| COLLECTED MATERIAL |
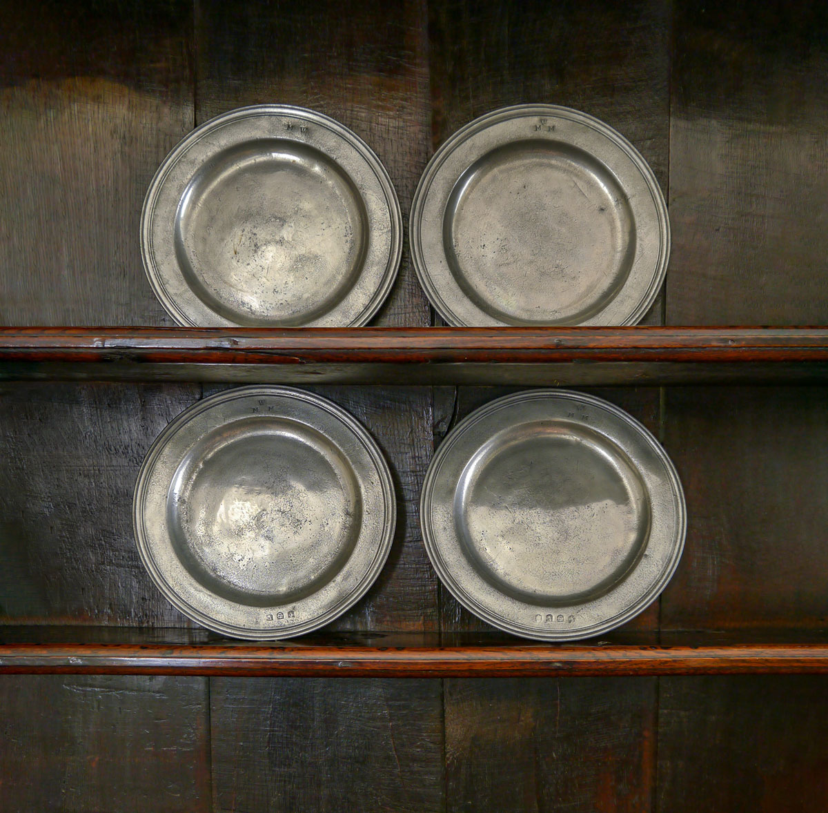 Home Stock A Fine Set of Four Queen Anne Period Pewter Plates
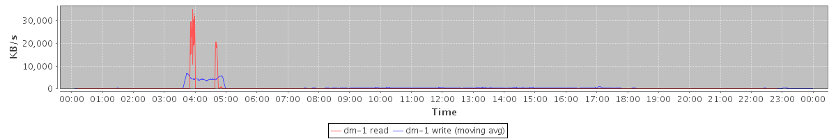 avg(dm-1 read) = 3.58 avg(dm-1 write) = 13.38
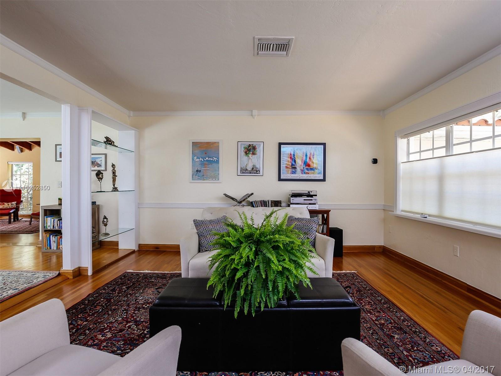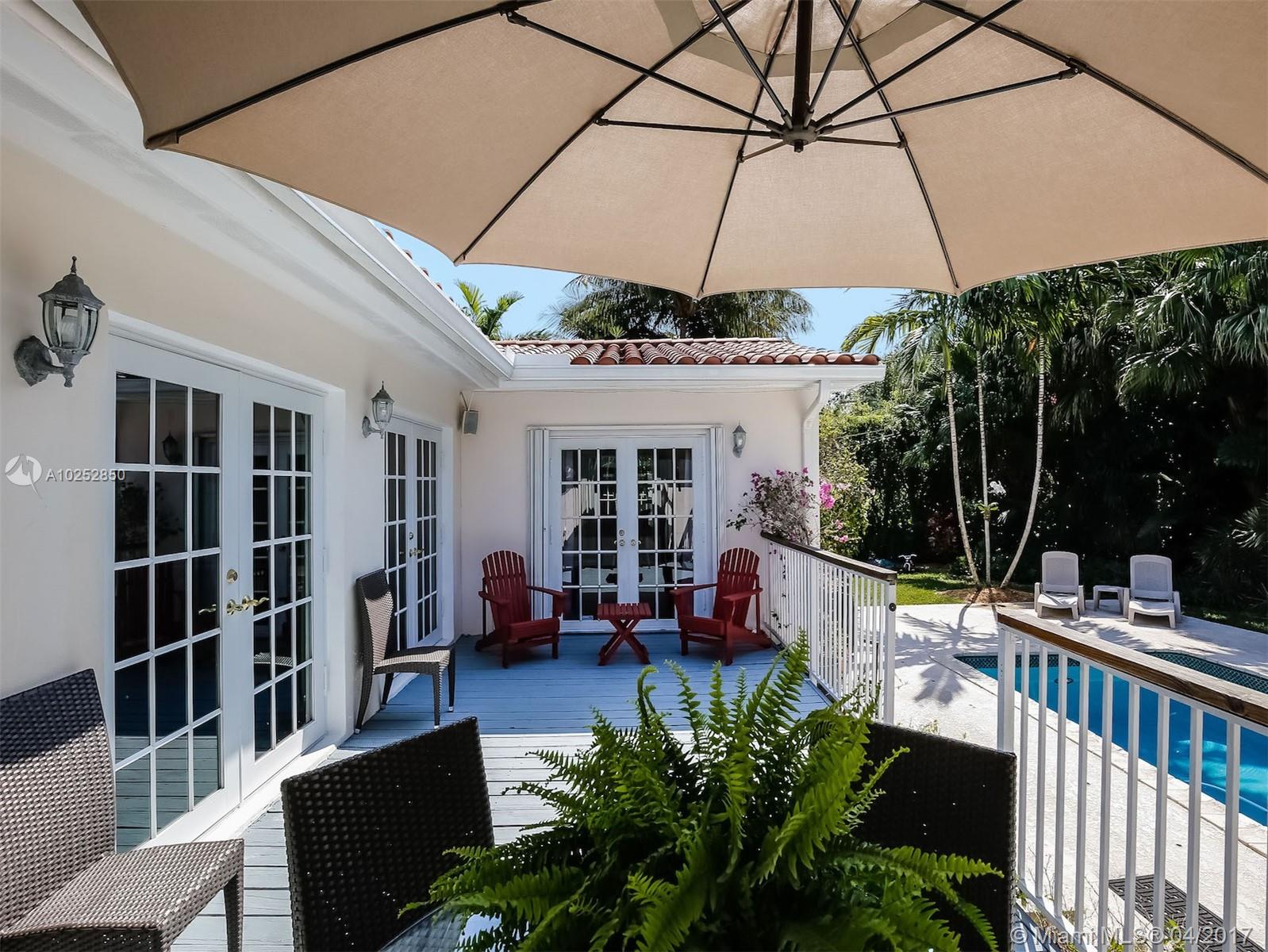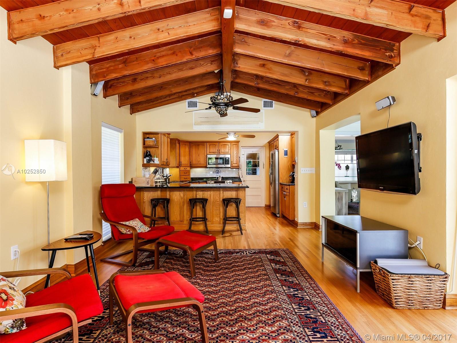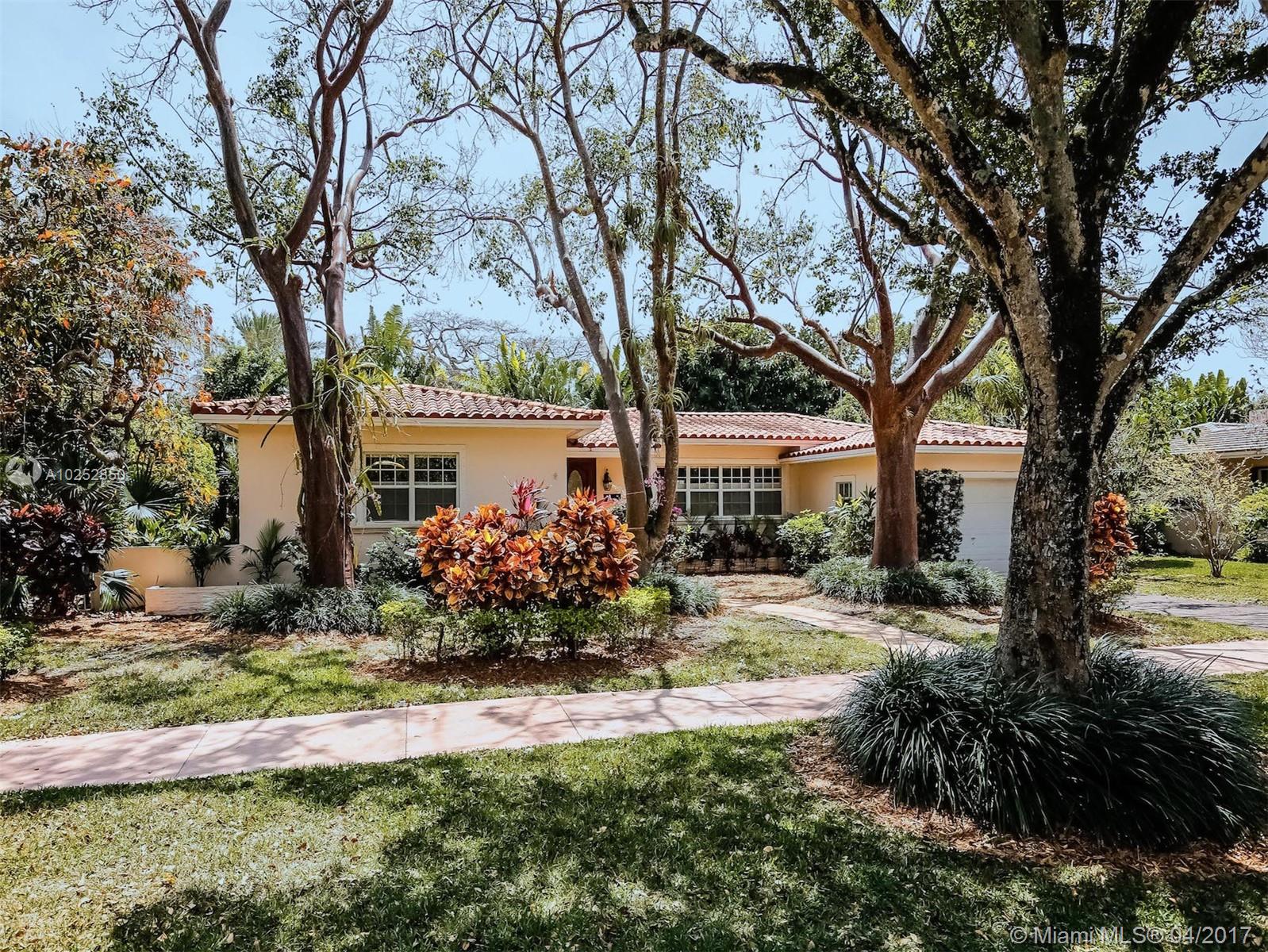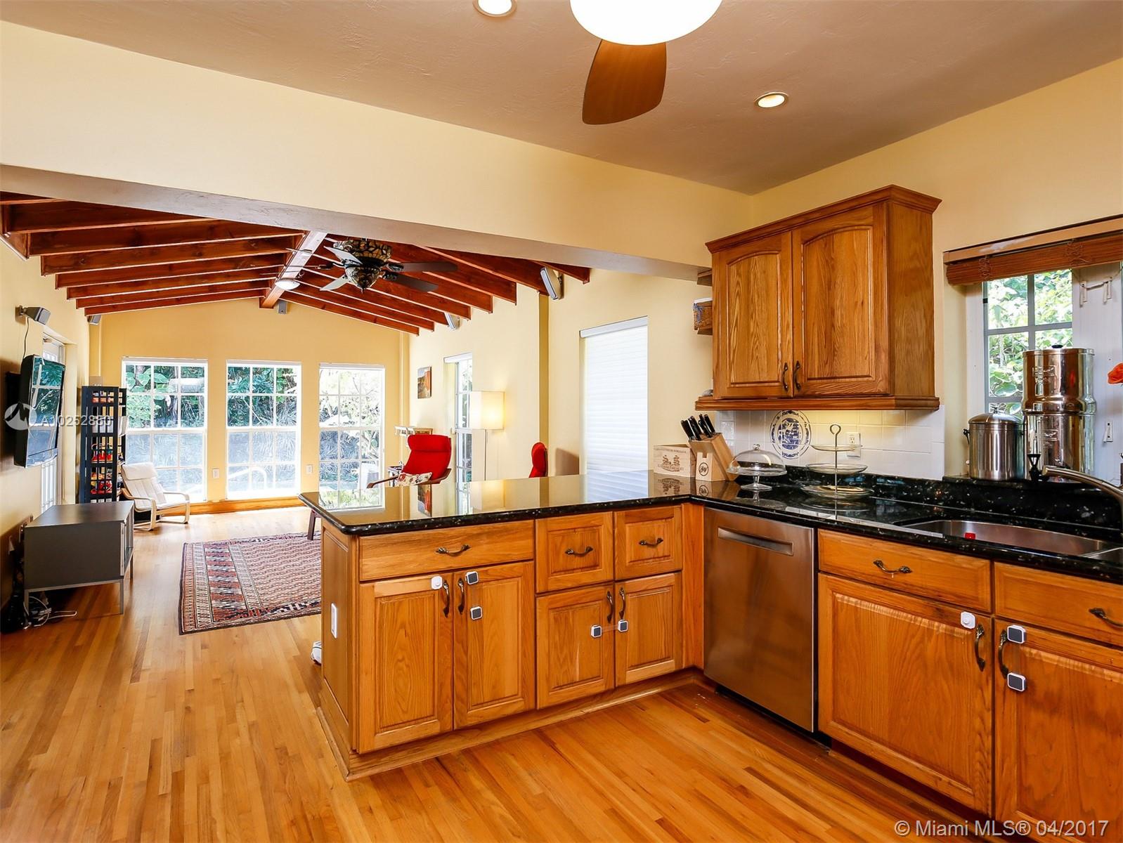 Beautifully open, light and bright renovated 1-story 3/3 pool home on an enchanting tree-lined street in the South Gables. Open floor plan, hardwood flooring throughout, vaulted wood beam ceilings in master and family rooms, kitchen with stainless steel appliances, granite countertops, en-suite bath in second bedroom, impact French doors, wood deck, private, lushly landscaped back yard, oversized lot and an attached 1-car garage... all the features you were looking for!

| WORK INSTRUCTION |
Strip out the pictures and repeat the listing above exactly.

| RESPONSE TO THE EXERCISE |
 Home Stock A Fine Set of Four Queen Anne Period Pewter Plates
 avg(dm-1 read) = 3.58 avg(dm-1 write) = 13.38
 Beautifully open, light and bright renovated 1-story 3/3 pool home on an enchanting tree-lined street in the South Gables. Open floor plan, hardwood flooring throughout, vaulted wood beam ceilings in master and family rooms, kitchen with stainless steel appliances, granite countertops, en-suite bath in second bedroom, impact French doors, wood deck, private, lushly landscaped back yard, oversized lot and an attached 1-car garage... all the features you were looking for!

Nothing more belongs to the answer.